И опять «наши» — это были петербуржцы: те же Трубецкой и Ламберт, Монго Столыпин, Саша Долгоруков, Митенька Фредерикс и другие друзья и приятели, среди которых он привык жить и которых считал своими, да, кстати, и не мог не считать. Кого тогда, если не их?

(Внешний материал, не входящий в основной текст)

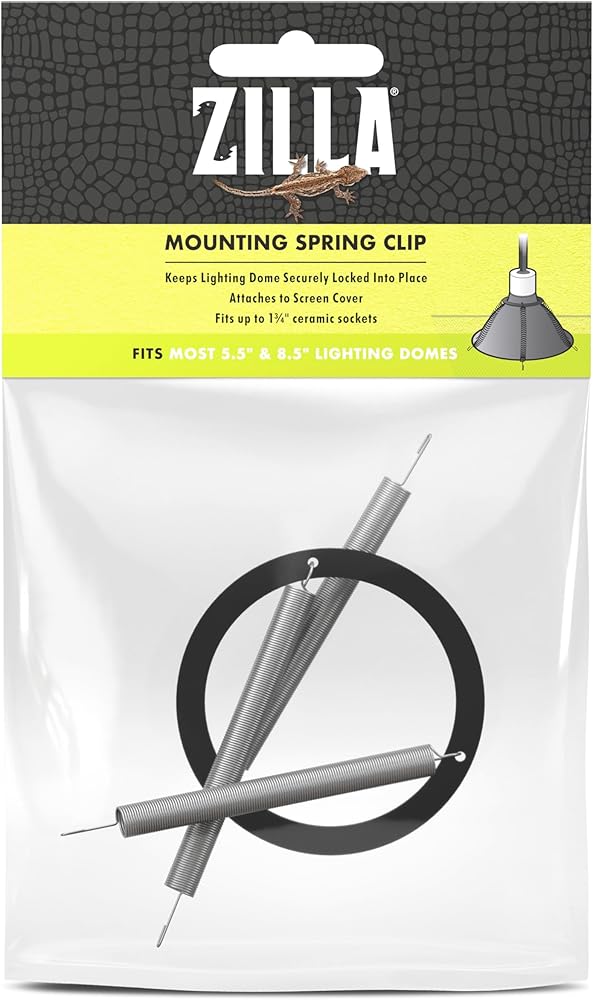 The Zilla Mounting Spring Clip keeps lighting domes securely locked into place. The clip fits most 5. 5" and 8. 5" domes and easily fits around the cord socket (up to 1-3/4") of the lighting dome. To attach, the clip firmly fastens to the screen cover with small metal hooks. It's discreet and the perfect solution!

Иногда — как это было после смерти Пушкина — в душе у него поднималось что-то недоброе и враждебное к ним ко всем, и он гневно и презрительно с ними разговаривал, бросал страшные, оскорбительные слова, которые, казалось, должны были неминуемо привести к разрыву со всеми и со всем: с полком, со светом, с Монго, даже с бабушкой, но почему-то не приводили. И сначала это бесило его, но проходило время, он остывал, и оглядывался, и спрашивал себя: а с кем же жить? Кто я-то такой? Куда бы я мог податься в случае чего? В Аравию, в Персию — как Печорин? Или воевать с алжирцами, как когда-то сделал Алексей Илларионович? Увы! Лермонтов ни на минуту не забывал, что он далеко не всегда может поступать, как Печорин.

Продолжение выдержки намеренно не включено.